TRUNCATE TABLE ClusterLog
bulk insert ClusterLog FROM 'D:\Powershell\SQL3clean.csv'
WITH (FIELDTERMINATOR = ',', ROWTERMINATOR = '\n', FIRSTROW = 2)

UPDATE ClusterLog
SET Source = REPLACE(REPLACE(Source, CHAR(91), ''), ']', '')

SET CONCAT_NULL_YIELDS_NULL OFF
select 'SQLCL3' AS Cluster
,DATEADD(hh, 2, REPLACE(SUBSTRING(StringDate, PATINDEX('%::%',StringDate)+2, 19), '-', ' ')) AS TimeLogged
,"Severity" = CASE
WHEN Sev LIKE 'ERR' THEN 'Error'
WHEN Sev LIKE 'WARN' Then 'Warning'
END
,"Source" = CASE
WHEN Source LIKE 'API' THEN 'API support'
WHEN Source LIKE 'ClMsg' THEN 'Cluster messaging'
WHEN Source LIKE 'ClNet' THEN 'Cluster network engine'
WHEN Source LIKE 'CP' THEN 'Checkpoint Manager'
WHEN Source LIKE 'CS' THEN 'Cluster service'
WHEN Source LIKE 'DM' THEN 'Database Manager'
WHEN Source LIKE 'EP' THEN 'Event Processor'
WHEN Source LIKE 'FM' THEN 'Failover Manager'
WHEN Source LIKE 'GUM' THEN 'Global Update Manager'
WHEN Source LIKE 'INIT' THEN 'Initial state'
WHEN Source LIKE 'JOIN' THEN 'The node state that follows INIT when the node attempts to join a cluster'
WHEN Source LIKE 'LM' THEN 'Log Manager. Maintains the quorum log.'
WHEN Source LIKE 'MM' THEN 'Membership Manager, also known and written to the cluster log as Regroup (RGP)'
WHEN Source LIKE 'NM' THEN 'Node Manager. Keeps track of the state of other nodes in the cluster'
WHEN Source LIKE 'OM' THEN 'Object Manager. Maintains an in-memory database of entities, or objects (nodes, networks, groups)'
WHEN Source LIKE 'RGP' THEN 'Regroup, Tracks which nodes are members of the cluster'
WHEN Source LIKE 'RM' THEN 'Resource Monitor'
WHEN Source LIKE 'SQA' THEN 'SQL Server Agent'
WHEN Source LIKE 'NNm' THEN 'Network Name'
WHEN Source LIKE 'IPA' THEN 'IP Address'
WHEN Source LIKE 'VMg' THEN 'Volume Manager'
ELSE Source
END
,D1 + ' ' + D2 + ' ' + D3 + ' '+ D4+ ' '+ D5 + ' '+ D6 + ' '+ D7 + ' '+ D8 + ' '+ D9 + ' '+ D10 + ' '+ D11 + ' '+ D12 + ' '+ D13 + ' '+ D14 + ' '+ D15 + ' '+ D16 + ' '+ D17 + ' '+ D18 + ' '+ D19 + ' '+ D20 + ' '+ D21 + ' '+ D22 + ' '+ D23 + ' '+ D24 AS ErrorDescription
from ClusterLog
WHERE DATEADD(hh, 2, REPLACE(SUBSTRING(StringDate, PATINDEX('%::%',StringDate)+2, 19), '-', ' ')) > getdate()-2
ORDER BY TimeLogged ASC





Above is what the Cluster Log will look like, which is finally useful. Also, with the data being in a SQL Table, we could automate the entire process above and display Cluster Log errors and warnings for the last x days in a Reporting Services report.

Tuesday, March 24, 2009

Defragmenting a partition with a large heavily fragmented database file

I'm sure you've come across this before, you have a 100GB partition with a 60GB database mdf sprawled across the partition in 8600 fragments. Nice! IO performance will be severely impacted, especially if this partition (more often than not) is on a RAID 5 array. In addition to this there is only 15% free space on this partition. Now your task is to defragment the partition and the mdf.
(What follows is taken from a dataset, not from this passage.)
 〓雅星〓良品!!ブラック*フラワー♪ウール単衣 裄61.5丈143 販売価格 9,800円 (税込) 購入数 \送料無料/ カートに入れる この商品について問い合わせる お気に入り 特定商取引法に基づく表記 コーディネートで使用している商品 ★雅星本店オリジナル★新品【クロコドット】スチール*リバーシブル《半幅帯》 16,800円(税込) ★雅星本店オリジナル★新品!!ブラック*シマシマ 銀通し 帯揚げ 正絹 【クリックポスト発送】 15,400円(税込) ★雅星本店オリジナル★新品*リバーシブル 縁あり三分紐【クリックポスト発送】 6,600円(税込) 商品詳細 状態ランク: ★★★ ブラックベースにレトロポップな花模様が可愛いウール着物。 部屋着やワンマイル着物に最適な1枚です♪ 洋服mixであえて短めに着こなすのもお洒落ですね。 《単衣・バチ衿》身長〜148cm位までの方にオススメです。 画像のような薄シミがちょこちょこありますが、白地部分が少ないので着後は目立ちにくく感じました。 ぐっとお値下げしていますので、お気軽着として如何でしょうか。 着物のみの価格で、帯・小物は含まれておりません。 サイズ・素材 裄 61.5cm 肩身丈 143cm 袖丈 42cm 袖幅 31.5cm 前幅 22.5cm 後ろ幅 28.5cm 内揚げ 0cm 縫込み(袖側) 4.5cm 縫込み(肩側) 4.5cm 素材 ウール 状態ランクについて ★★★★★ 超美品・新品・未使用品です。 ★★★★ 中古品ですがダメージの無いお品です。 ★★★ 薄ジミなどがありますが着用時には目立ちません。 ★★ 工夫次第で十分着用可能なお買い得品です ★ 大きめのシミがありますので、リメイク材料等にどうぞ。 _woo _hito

Well the easiest way to accomplish this, if you have another partition with enough space to temporarily house the 60GB mdf is to move the mdf, defrag the data partition and move the mdf back, hopefully into one contiguous space. This is a classic DBA scenario which involves some T-SQL or SSMS work, some OS file system work, some OS defrag work, more file system work and then finally some T-SQL work. All good and well, but now you want to automate it, so that you don't forget about your quest halfway through the process.

Enter Powershell. Sure, you could do some of the file system stuff using xp_cmdshell. But that little gem should be locked down no? And what about the defrag? Re-enter Powershell.
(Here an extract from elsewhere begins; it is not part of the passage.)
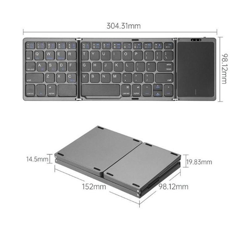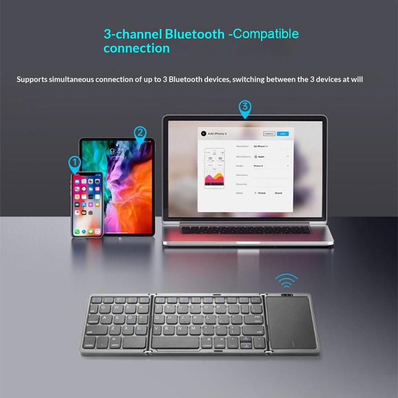 Mit der faltbaren kabellosen Tastatur B089 mit Touchpad können Sie überall bequem arbeiten. Dank ihres schlanken, dreifach faltbaren Designs passt sie problemlos in eine Laptoptasche, während das integrierte Touchpad eine reibungslose Navigation ohne separate Maus ermöglicht. Sie wurde für Smartphones, Tablets und Laptops entwickelt und eignet sich ideal für Reisen, Remote-Arbeit und die tägliche Produktivität.

In a few lines of code this process can be accomplished from start to finish. In the code below I've created a function that does the tasks outlined above. That is:



  1. Detach the database

  2. Move the mdf and ldf files

  3. Defragment the fragmented partition

  4. Move the mdf and ldf files back

  5. Attach the database

Code:



Function DetDefAt {
Param ([string]$svr, [string]$dbname, [string]$mdf, [string]$ldf, [string]$mdft, [string]$ldft, [string]$Drive2Def)

#detach db
$s = get-sqlserver $svr
#get-sqldatabase $svr $dbname
$s.KillAllProcesses($dbname)
$s.DetachDatabase($dbname,"true")

#move files
move-item $mdf $mdft;
move-item $ldf $ldft;

#defrag
$v=gwmi win32_volume
$v1=$v | where {$_.name -eq $Drive2Def}
#$v1.defraganalysis().defraganalysis
$v1.defrag($true)


#move files back
move-item $mdft $mdf
move-item $ldft $ldf

#attach db
$f = New-Object -Type System.Collections.Specialized.StringCollection
$f.Add($mdf)
$f.Add($ldf)
$s.AttachDatabase($dbname, $f)


}




Cool. The function takes 6 input parameters, the server name that the above task will be run against, the database, the mdf and ldf, the temp locations where the mdf and ldf will be moved to and the partition to defrag.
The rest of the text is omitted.